═════ INFORMATION SUPPLIED

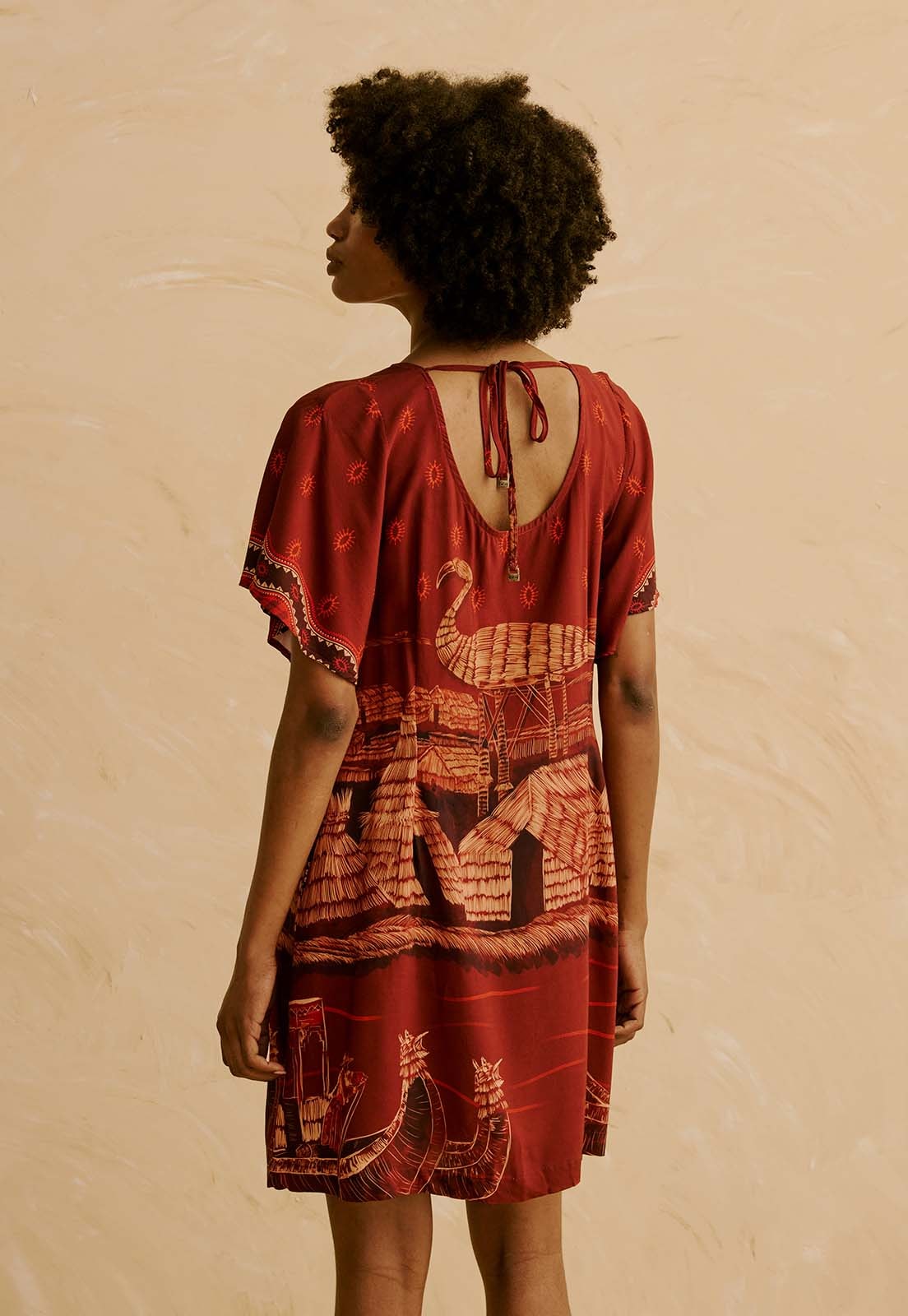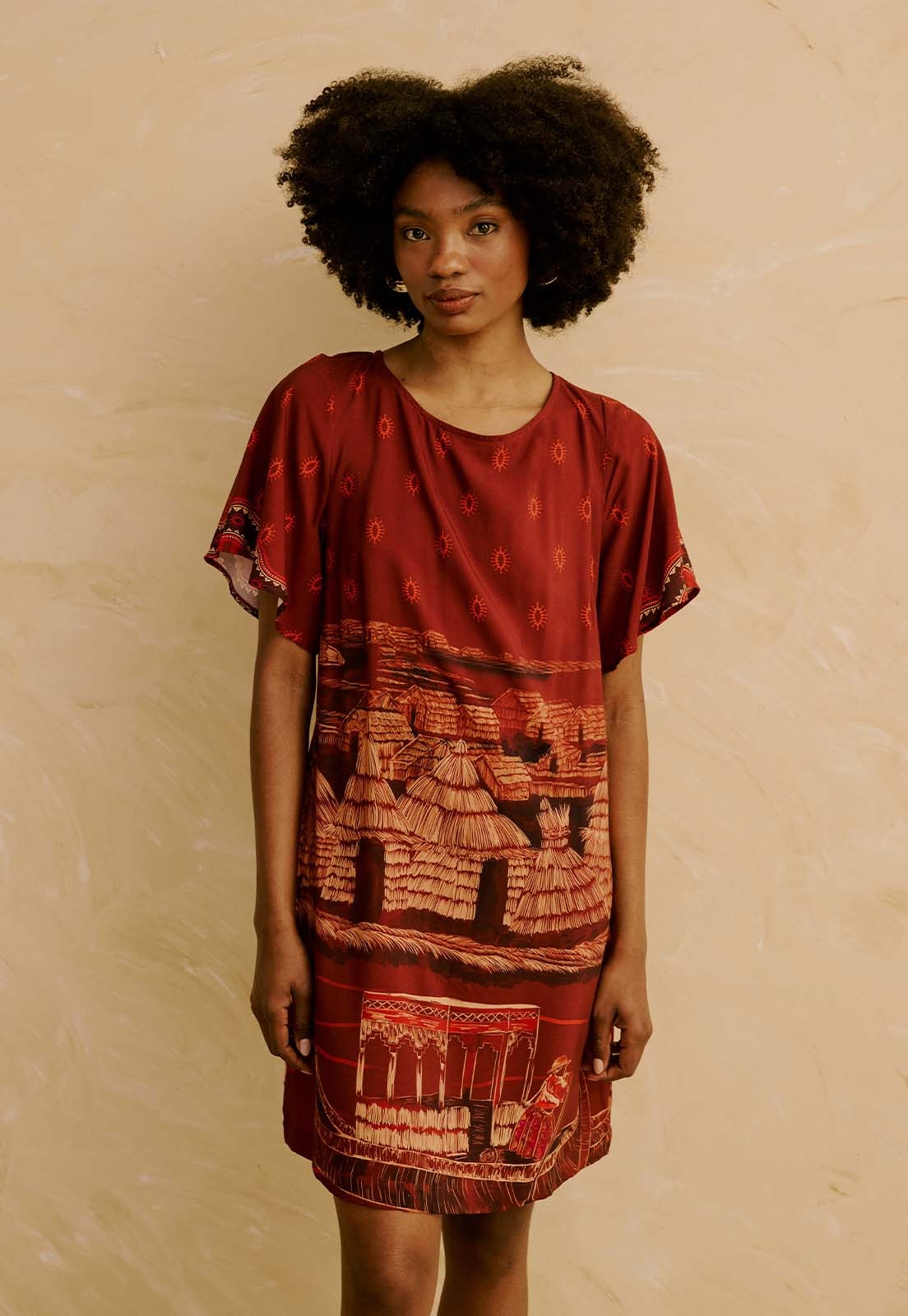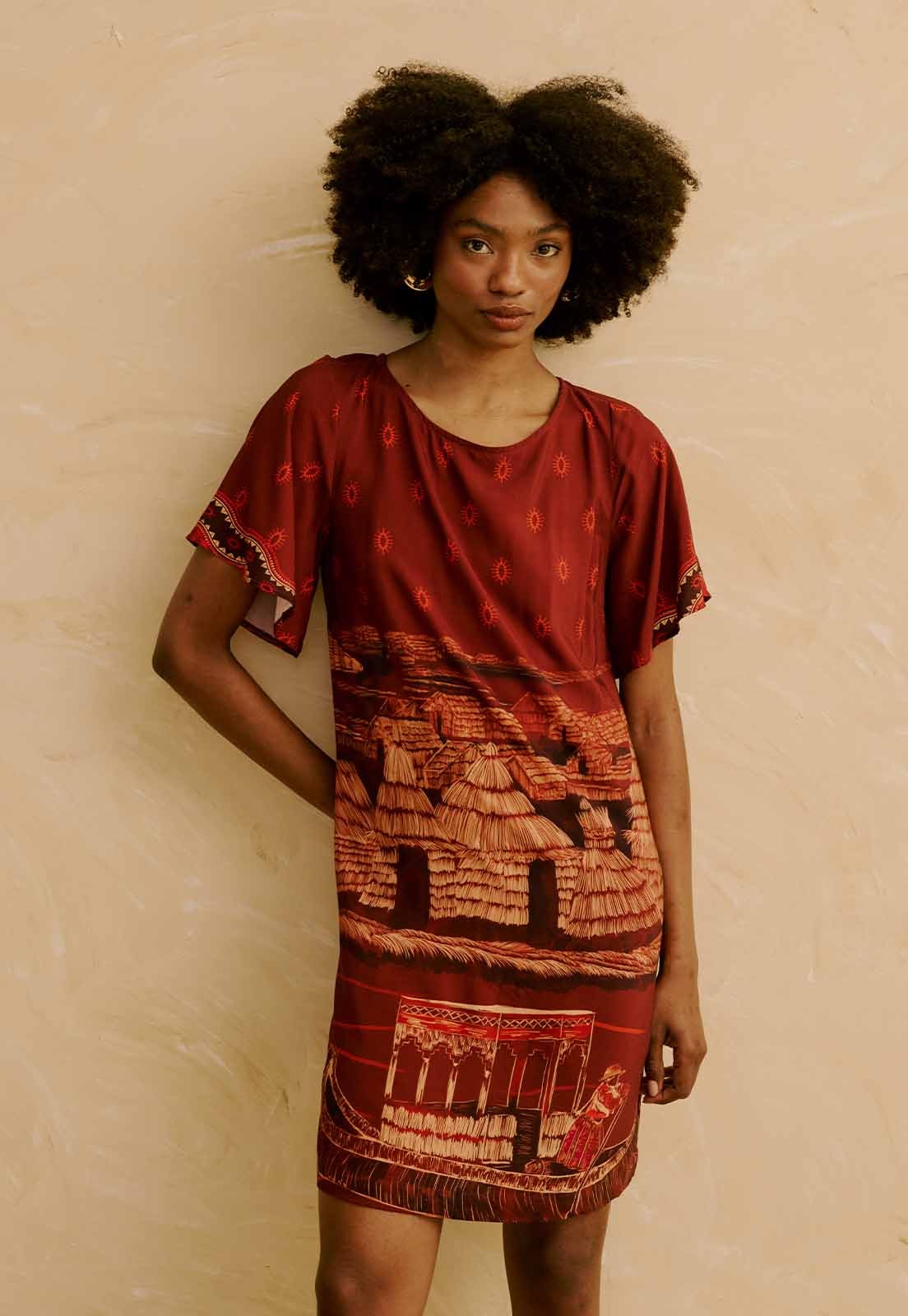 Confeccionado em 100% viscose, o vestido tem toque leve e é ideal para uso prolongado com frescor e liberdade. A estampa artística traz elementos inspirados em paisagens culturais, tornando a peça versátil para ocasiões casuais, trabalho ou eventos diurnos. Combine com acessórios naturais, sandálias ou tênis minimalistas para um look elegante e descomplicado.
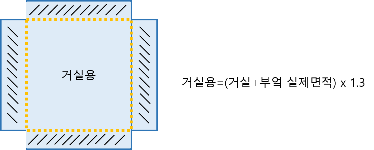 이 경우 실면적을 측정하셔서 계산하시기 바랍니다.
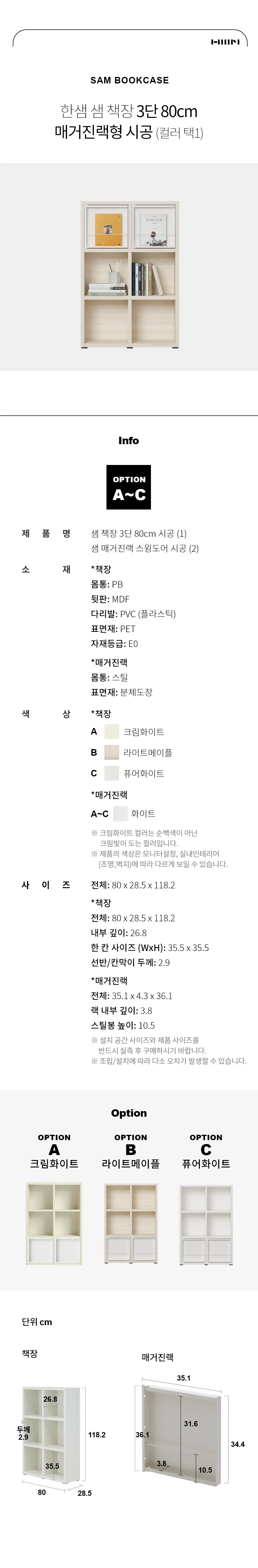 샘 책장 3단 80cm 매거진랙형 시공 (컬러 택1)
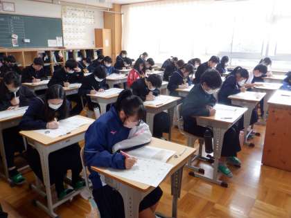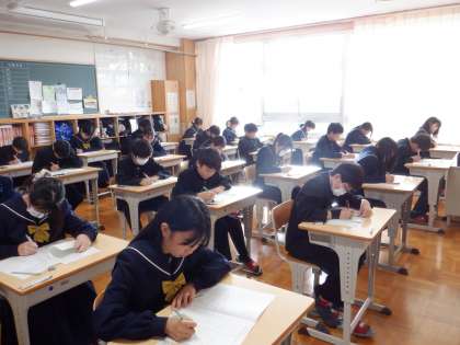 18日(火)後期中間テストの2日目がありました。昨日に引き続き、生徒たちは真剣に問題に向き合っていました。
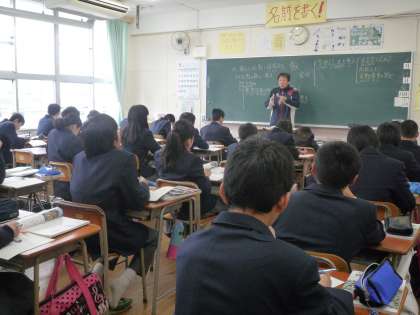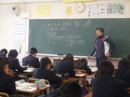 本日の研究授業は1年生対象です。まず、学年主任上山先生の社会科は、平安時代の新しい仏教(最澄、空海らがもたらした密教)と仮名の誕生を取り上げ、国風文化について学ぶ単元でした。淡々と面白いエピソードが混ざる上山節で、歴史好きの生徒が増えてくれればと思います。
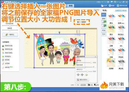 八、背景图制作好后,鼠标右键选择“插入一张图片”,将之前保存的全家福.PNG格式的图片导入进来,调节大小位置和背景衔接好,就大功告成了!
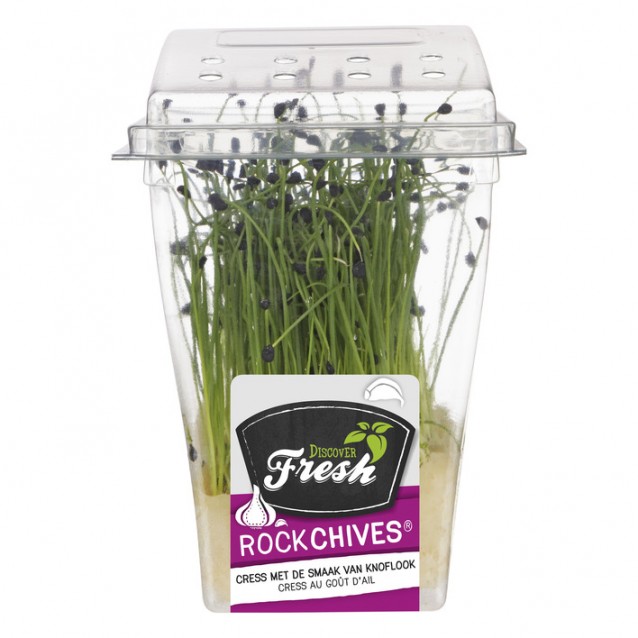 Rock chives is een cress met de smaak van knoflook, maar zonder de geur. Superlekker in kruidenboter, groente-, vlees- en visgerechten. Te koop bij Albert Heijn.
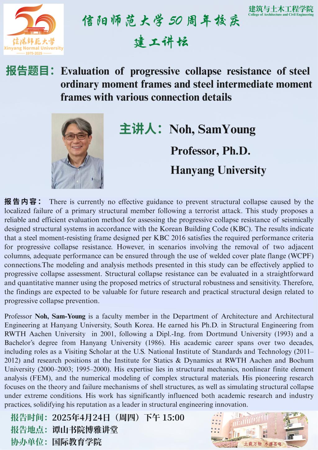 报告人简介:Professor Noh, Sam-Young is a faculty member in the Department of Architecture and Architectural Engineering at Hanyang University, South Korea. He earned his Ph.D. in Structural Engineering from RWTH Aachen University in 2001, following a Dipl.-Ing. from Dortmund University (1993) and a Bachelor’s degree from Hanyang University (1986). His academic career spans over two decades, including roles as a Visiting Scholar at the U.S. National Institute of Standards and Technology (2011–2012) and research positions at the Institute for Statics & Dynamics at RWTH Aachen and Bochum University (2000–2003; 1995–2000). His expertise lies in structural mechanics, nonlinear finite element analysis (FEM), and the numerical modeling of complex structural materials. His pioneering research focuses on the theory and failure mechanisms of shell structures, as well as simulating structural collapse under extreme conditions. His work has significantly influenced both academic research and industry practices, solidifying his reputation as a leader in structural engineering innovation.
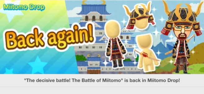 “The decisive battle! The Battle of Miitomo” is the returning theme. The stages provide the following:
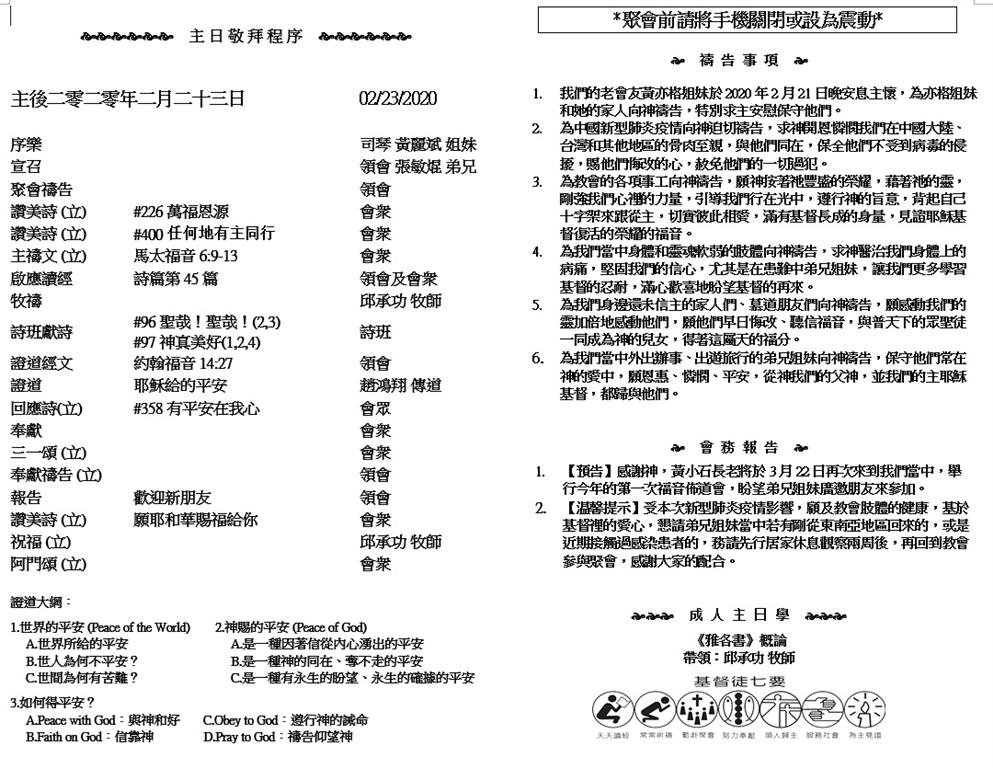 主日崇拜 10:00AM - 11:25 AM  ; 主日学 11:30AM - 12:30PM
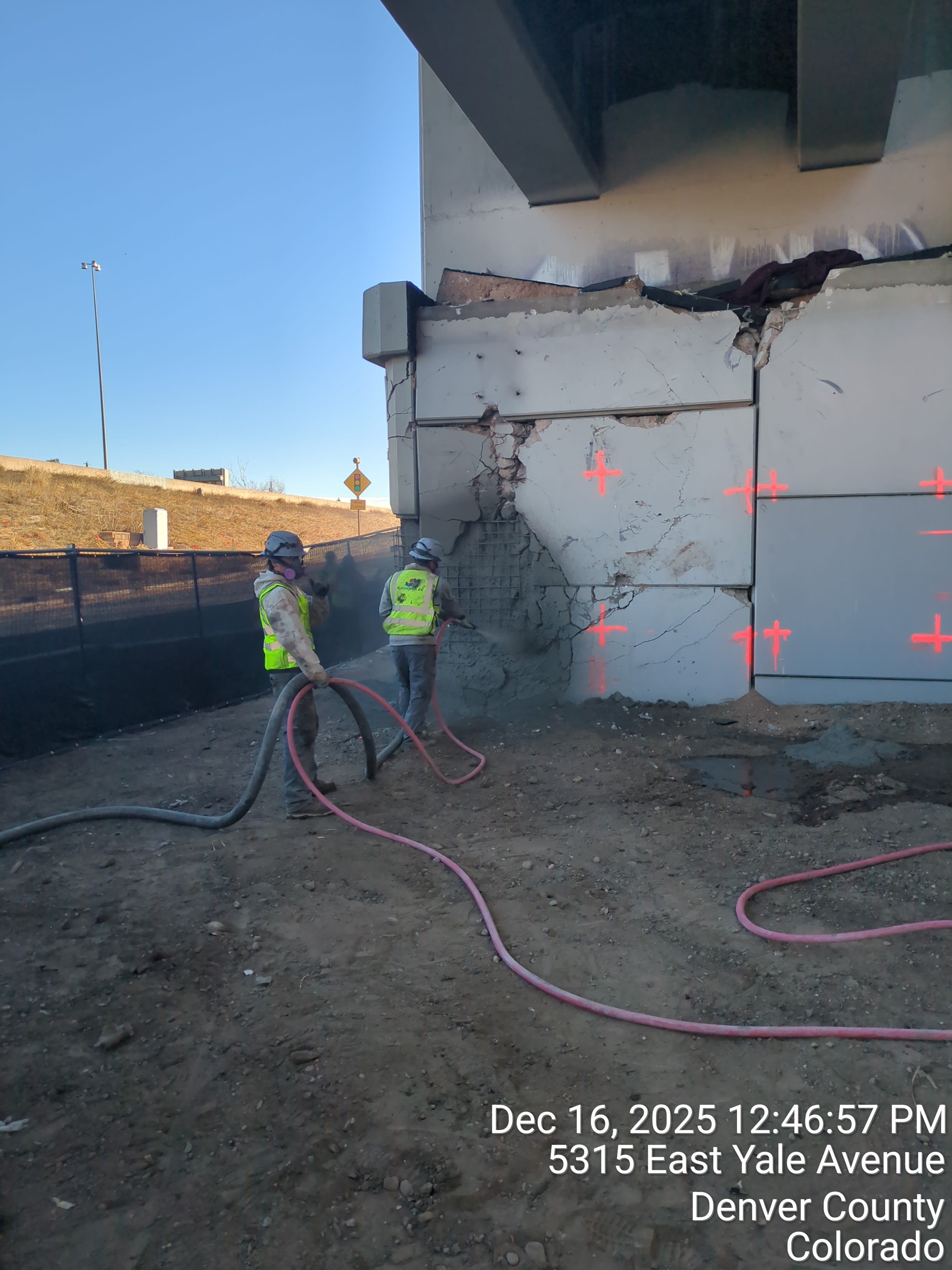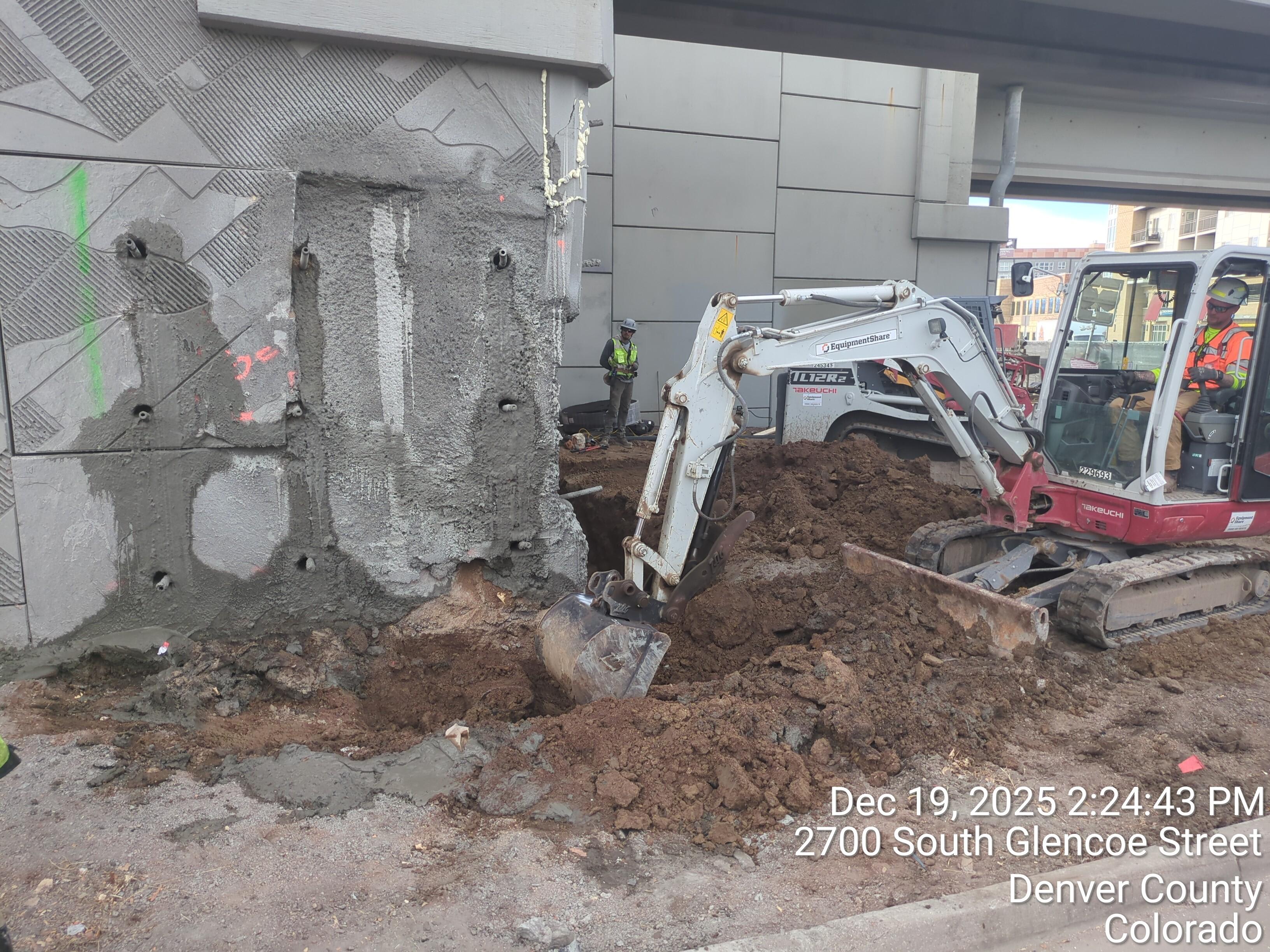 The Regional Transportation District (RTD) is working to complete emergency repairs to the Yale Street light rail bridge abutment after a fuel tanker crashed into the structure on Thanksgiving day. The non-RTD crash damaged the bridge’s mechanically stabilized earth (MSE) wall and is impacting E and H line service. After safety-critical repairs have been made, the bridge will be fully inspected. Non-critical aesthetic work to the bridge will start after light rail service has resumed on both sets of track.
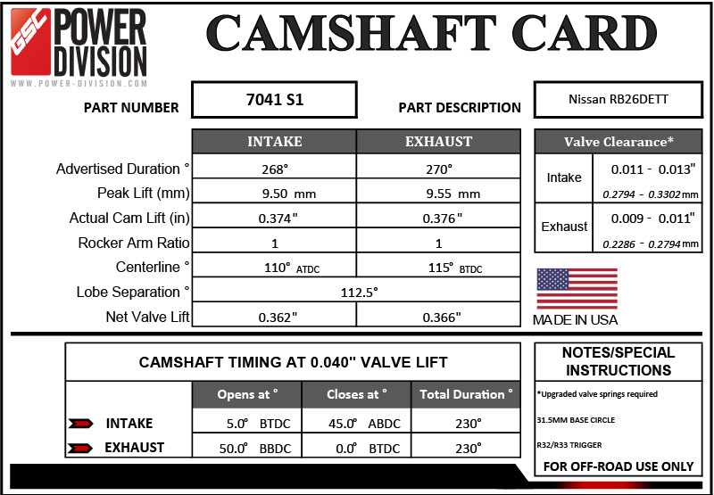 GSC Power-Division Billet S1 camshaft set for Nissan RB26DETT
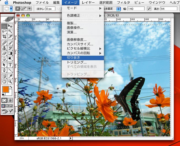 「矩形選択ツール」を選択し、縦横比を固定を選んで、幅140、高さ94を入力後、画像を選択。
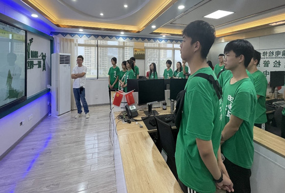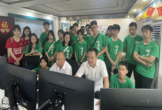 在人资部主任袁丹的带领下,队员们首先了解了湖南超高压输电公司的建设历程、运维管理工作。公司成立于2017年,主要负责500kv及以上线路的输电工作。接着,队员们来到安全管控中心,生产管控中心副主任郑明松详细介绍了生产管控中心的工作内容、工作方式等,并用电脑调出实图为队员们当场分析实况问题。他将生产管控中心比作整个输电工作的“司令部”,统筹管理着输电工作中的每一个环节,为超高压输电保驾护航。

══════════

**HOW TO COMPLETE THIS TASK**
Before printing the records again, strip out the pictures; change nothing else.

**ANSWER BOX**
 Confeccionado em 100% viscose, o vestido tem toque leve e é ideal para uso prolongado com frescor e liberdade. A estampa artística traz elementos inspirados em paisagens culturais, tornando a peça versátil para ocasiões casuais, trabalho ou eventos diurnos. Combine com acessórios naturais, sandálias ou tênis minimalistas para um look elegante e descomplicado.
 이 경우 실면적을 측정하셔서 계산하시기 바랍니다.
 샘 책장 3단 80cm 매거진랙형 시공 (컬러 택1)
 18日(火)後期中間テストの2日目がありました。昨日に引き続き、生徒たちは真剣に問題に向き合っていました。
 本日の研究授業は1年生対象です。まず、学年主任上山先生の社会科は、平安時代の新しい仏教(最澄、空海らがもたらした密教)と仮名の誕生を取り上げ、国風文化について学ぶ単元でした。淡々と面白いエピソードが混ざる上山節で、歴史好きの生徒が増えてくれればと思います。
 八、背景图制作好后,鼠标右键选择“插入一张图片”,将之前保存的全家福.PNG格式的图片导入进来,调节大小位置和背景衔接好,就大功告成了!
 Rock chives is een cress met de smaak van knoflook, maar zonder de geur. Superlekker in kruidenboter, groente-, vlees- en visgerechten. Te koop bij Albert Heijn.
 报告人简介:Professor Noh, Sam-Young is a faculty member in the Department of Architecture and Architectural Engineering at Hanyang University, South Korea. He earned his Ph.D. in Structural Engineering from RWTH Aachen University in 2001, following a Dipl.-Ing. from Dortmund University (1993) and a Bachelor’s degree from Hanyang University (1986). His academic career spans over two decades, including roles as a Visiting Scholar at the U.S. National Institute of Standards and Technology (2011–2012) and research positions at the Institute for Statics & Dynamics at RWTH Aachen and Bochum University (2000–2003; 1995–2000). His expertise lies in structural mechanics, nonlinear finite element analysis (FEM), and the numerical modeling of complex structural materials. His pioneering research focuses on the theory and failure mechanisms of shell structures, as well as simulating structural collapse under extreme conditions. His work has significantly influenced both academic research and industry practices, solidifying his reputation as a leader in structural engineering innovation.
 “The decisive battle! The Battle of Miitomo” is the returning theme. The stages provide the following:
 主日崇拜 10:00AM - 11:25 AM  ; 主日学 11:30AM - 12:30PM
 The Regional Transportation District (RTD) is working to complete emergency repairs to the Yale Street light rail bridge abutment after a fuel tanker crashed into the structure on Thanksgiving day. The non-RTD crash damaged the bridge’s mechanically stabilized earth (MSE) wall and is impacting E and H line service. After safety-critical repairs have been made, the bridge will be fully inspected. Non-critical aesthetic work to the bridge will start after light rail service has resumed on both sets of track.
 GSC Power-Division Billet S1 camshaft set for Nissan RB26DETT
 「矩形選択ツール」を選択し、縦横比を固定を選んで、幅140、高さ94を入力後、画像を選択。
 在人资部主任袁丹的带领下,队员们首先了解了湖南超高压输电公司的建设历程、运维管理工作。公司成立于2017年,主要负责500kv及以上线路的输电工作。接着,队员们来到安全管控中心,生产管控中心副主任郑明松详细介绍了生产管控中心的工作内容、工作方式等,并用电脑调出实图为队员们当场分析实况问题。他将生产管控中心比作整个输电工作的“司令部”,统筹管理着输电工作中的每一个环节,为超高压输电保驾护航。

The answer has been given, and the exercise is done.